**Task item**
Each record that follows is to be transcribed exactly, excluding its images.

**Records shown**
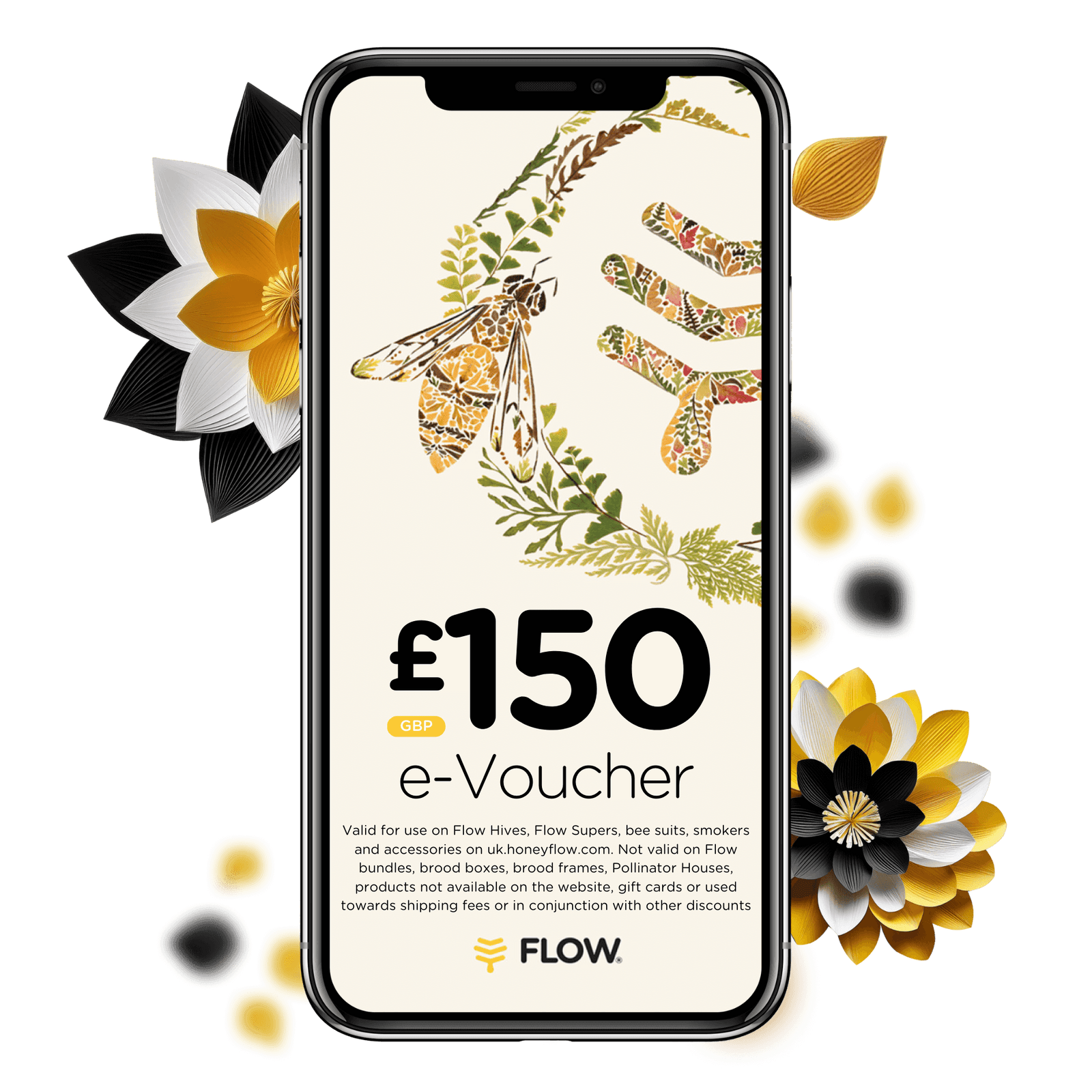 Valid for use on Flow Hives, Flow Supers, bee suits, smokers and accessories. Not valid on Flow Bundles, Brood Boxes, Brood Frames, Pollinator Houses, books, products not available on the website, gift cards or used towards shipping fees or in conjunction with other discounts (e.g. other coupon codes, sale items and bundles).
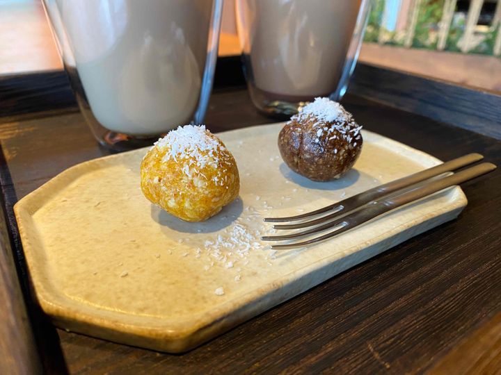 また、チャイのお供に用意しているのは、オーストラリア発祥とされるヘルシースイーツ「ブリスボール」です。ブリスボールはナッツやドライフルーツなどで作られていて、しっかりとした風味と食感がありながらも、お腹にたまらない不思議な食べ応え。mokkadoでは、レーズンとアプリコットのブリスボールをラインナップしています。
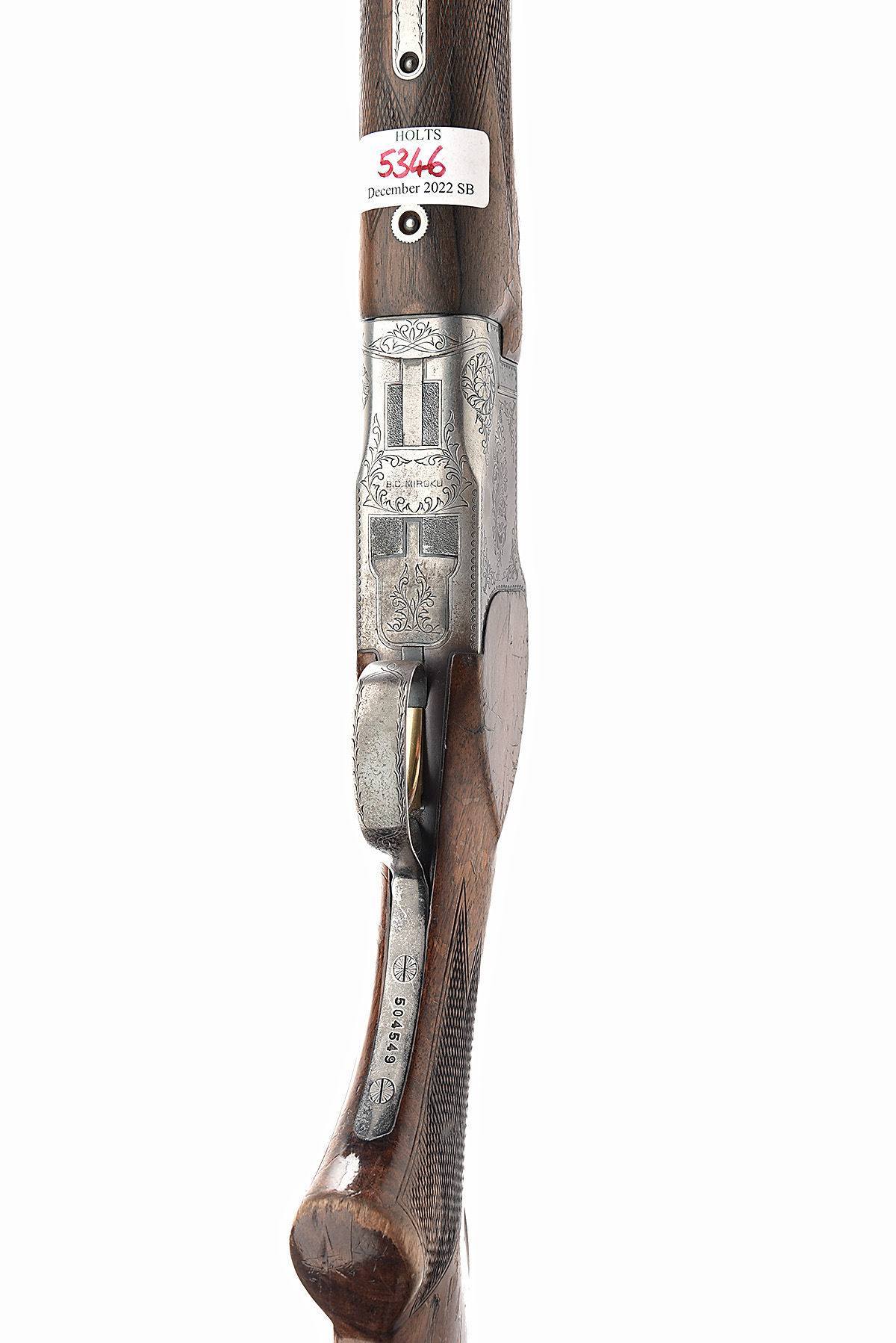 B.C. MIROKU 12-BORE SINGLE-TRIGGER OVER AND UNDER EJECTOR, serial no. 504549, circa 1969, 28in. nitro barrels with 7mm ventilated matt top-rib, 2 3/4in. chambers, bored approx. imp. cyl. and full choke, hold-open toplever, automatic safety with integral barrel selector switch, gold-washed single trigger, border and partial scroll engraving, 14in. pistolgrip stock, weight 7lb. 4oz., worn overall
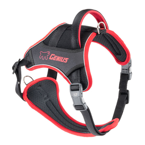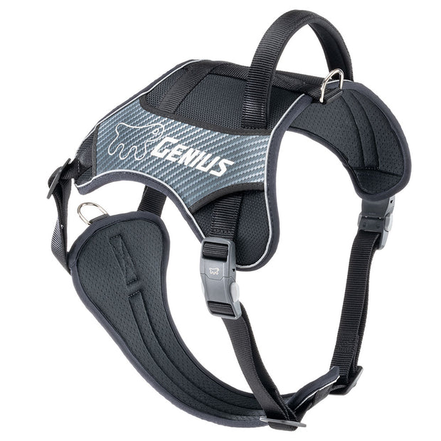 Das Genius-Hundegeschirr besteht aus widerstandsfähigem Nylon, ist auf eine lange Lebensdauer ausgelegt und hält den Zugbelastungen durch das Tier gut stand. Gefüttert mit einer weichen Polsterung und atmungsaktiv, garantieren sie maximalen Komfort für Ihren Vierbeiner und sind leicht an die Statur des Hundes anzupassen. Es ist ideal für Abend- oder Nachtausflüge, da es über nützliche, reflektierende Kanten verfügt, um maximale Sicherheit und Sichtbarkeit zu gewährleisten. Der praktische Griff auf der Rückseite ermöglicht eine effektive Kontrolle des Tieres und erleichtert bei Touren auch die Überwindung besonders schwieriger Hindernisse.
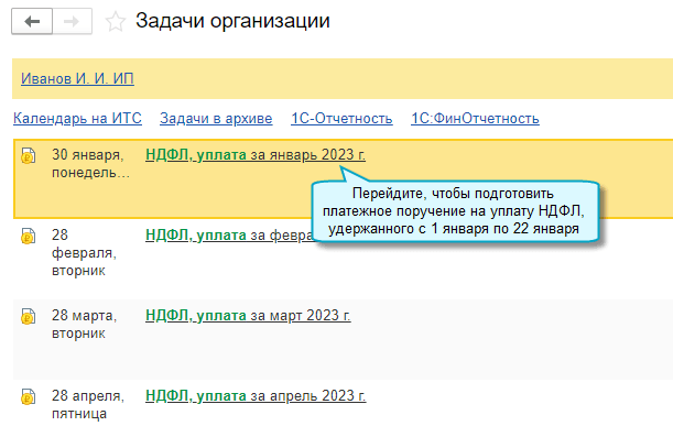 Отдельные платежные поручения формируются в задачах по расчету или уплате конкретных налогов.

**Written solution**
 Valid for use on Flow Hives, Flow Supers, bee suits, smokers and accessories. Not valid on Flow Bundles, Brood Boxes, Brood Frames, Pollinator Houses, books, products not available on the website, gift cards or used towards shipping fees or in conjunction with other discounts (e.g. other coupon codes, sale items and bundles).
 また、チャイのお供に用意しているのは、オーストラリア発祥とされるヘルシースイーツ「ブリスボール」です。ブリスボールはナッツやドライフルーツなどで作られていて、しっかりとした風味と食感がありながらも、お腹にたまらない不思議な食べ応え。mokkadoでは、レーズンとアプリコットのブリスボールをラインナップしています。
 B.C. MIROKU 12-BORE SINGLE-TRIGGER OVER AND UNDER EJECTOR, serial no. 504549, circa 1969, 28in. nitro barrels with 7mm ventilated matt top-rib, 2 3/4in. chambers, bored approx. imp. cyl. and full choke, hold-open toplever, automatic safety with integral barrel selector switch, gold-washed single trigger, border and partial scroll engraving, 14in. pistolgrip stock, weight 7lb. 4oz., worn overall
 Das Genius-Hundegeschirr besteht aus widerstandsfähigem Nylon, ist auf eine lange Lebensdauer ausgelegt und hält den Zugbelastungen durch das Tier gut stand. Gefüttert mit einer weichen Polsterung und atmungsaktiv, garantieren sie maximalen Komfort für Ihren Vierbeiner und sind leicht an die Statur des Hundes anzupassen. Es ist ideal für Abend- oder Nachtausflüge, da es über nützliche, reflektierende Kanten verfügt, um maximale Sicherheit und Sichtbarkeit zu gewährleisten. Der praktische Griff auf der Rückseite ermöglicht eine effektive Kontrolle des Tieres und erleichtert bei Touren auch die Überwindung besonders schwieriger Hindernisse.
 Отдельные платежные поручения формируются в задачах по расчету или уплате конкретных налогов.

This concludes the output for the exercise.